Neighborhood Change

Drexel to Follow in Penn’s Community-University Footsteps

The University of Pennsylvania is well-known as a leader in community-university partnerships, and especially the kind that actually try to build community wealth. Under the leadership of Judith Rodin, now […]

The University of Pennsylvania is well-known as a leader in community-university partnerships, and especially the kind that actually try to build community wealth. Under the leadership of Judith Rodin, now president of the Rockefeller Foundation, Penn responded to a public safety and disinvestment crisis in its surrounding neighborhoods by looking outward rather than retreating inward—through not just development, but also economic inclusion initiatives such as local hiring, local contracting, and local purchasing, plus incentives for faculty to purchase homes in West Philadelphia.

John A. Fry was executive vice president of Penn under Rodin from 1995 to 2002, and participated heavily in the Penn Compact, as it was called. After a stint at Franklin & Marshall college, Fry has taken a position as president of Drexel College, a large commuter campus and a neighbor of Penn’s.

Fry is looking to apply some of the lessons of Penn’s approach to support Drexel’s surrounding neighborhoods and ameliorate the effect of Drexel’s recent rapid growth, which has led to an influx of poorly maintained student rental housing.

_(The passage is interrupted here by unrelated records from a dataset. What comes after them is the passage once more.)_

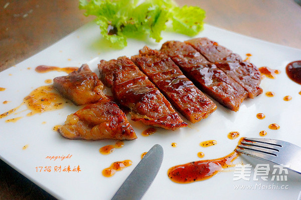 我习惯9分熟的西冷牛排包上生菜吃,有种韩式烤肉的感觉,大家可按照自己的口味选择吃法哦。
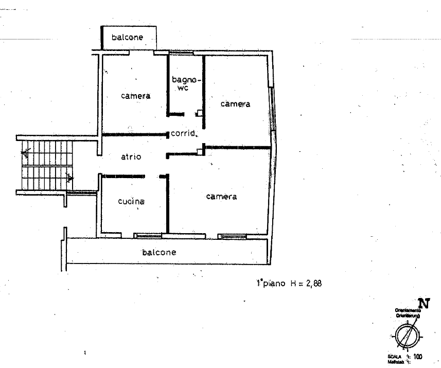 Die Wohnung, mit Süd-Südost-Ausrichtung, besteht aus einem Wohnzimmer mit Balkon, getrennter Küche, zwei Schlafzimmern, Tageslichtbad und Vorraum.
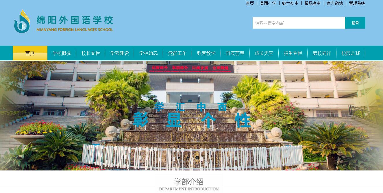 四川省绵阳外国语学校,始建于1999年,至今已办学18年。是绵阳市教体局直属的集小学、初中、高中于一体的全寄宿制、现代化、国际化品牌学校,是一所适应现代教育发展规律和社会主义市场经济发展特色的新机制学校。学校占地230亩,共161个教学班,在校学生7796人,教职工544人。专任教师中,中高级教师和特级教师占60%以上。学校坚持以培养“具有全球意识、以民族复兴为己任的现代人”的高远办学目标,以“团结、落实、智慧、人文”为工作方针,以“想得细、跟得紧、贴得近、落得实、合乎情”为管理特色,发扬“海纳百川、自强不息、厚德载物、永争第一”的绵外精神,挥舞如椽大笔绘制着“优质绵外、幸福绵外、内涵发展、全面跨越”的宏伟蓝图,让每一个走进绵外的学子“赢在起跑线,美在成长中,胜在人生路”。建校以来,绵外取得了令人瞩目的成就。精品高中。以“精细、多元、高端”为特色,建设精英文化,参加12届高考就先后夺取了四川省文科第二名、四川省理科第二名、绵阳市文科状元、绵阳市理科状元的桂冠,重点大学上线率保持了76%的记录,并一直稳定在50%以上,本科大学上线率保持在94%以上。魅力初中。以“智慧、人文、博雅”为特色,领航基础教育。初中部名师荟萃,英才辈出,12届中考稳居绵阳市前列,多人次夺取绵阳市中考状元和前十名,一类国重上线率保持在65%以上,省重上线率保持在95%以上。美丽小学。以“赏识、个性、和谐”为特色,启蒙素质人生。小学部参加全市统考纷纷摘取相应学段的桂冠,美丽小学,声名远播。学生参加全国英语、数学、物理、化学、生物竞赛,1000余人次获全国一等奖;参加科技、艺术、体育竞赛,700余人次获全国一等奖或金牌。学校品牌响亮,特色鲜明。是“全国素质教育先进单位”“全国外国语学校会员学校”“国家公派留学新加坡指定生源学校” “ 四川省教育工作先进集体”““四川省校风示范学校”“四川省艺术教育特色学校”“四川省青少年足球基地学校”“绵阳市教育质量先进学校”“绵阳市培养输送体育特长生先进学校”“绵阳市科技教育示范学校”“国家公派留学新加坡指定生源学校”以及“绵阳市全国外语等级培训考试中心”。学校勇担均衡发展重任,输出优质教育资源。2010年创办绵外实验学校;2013年与阿坝州理县结成教育联盟、帮扶北川县永昌中学;2014年结对帮扶省级示范高中绵阳梓潼中学,成功创办绵外幼稚园;2015年,对口援建雅安市雨城区雨城二中,帮扶凉山州西昌二中。学校影响日渐深远,品牌日益扩张,彰显了强大的生命力、创新力。学校发挥品牌力量,提供优质教育,为学生未来发展、美丽人生、终身幸福奠定坚实的基础。教育代表学校的核心竞争力,是学校品牌的生命线。绵外的社会公信力,来源于取信于民的教育水平和办学业绩。难能可贵的是,绵外致力于建设质量高地,搭建成功阶梯,不是片面追求分数、一心只看成绩,而是通过教学改革,追求绿色质量,构筑生态课堂,培养学生学会生存、学会交流、学会发展、学会协作、学会学习的能力。教学和德育联动,整体设计,共同撑起孩子幸福成长的天空。

Revitalization strategies based on anchor institutions, like Penn’s, or like Cleveland’s Evergreen Cooperatives, seem to be getting less attention in the current crisis-focused climate, but it seems like they are if anything, even more crucial in a time of misguided federal austerity and neighborhood destabilization. It will be interesting to see how the combination of Drexel and Penn takes off, and whether or how it will be integrated with other community development efforts in the city.

Are you from Philly? What do think are the promises and the challenges of Drexel’s new goals?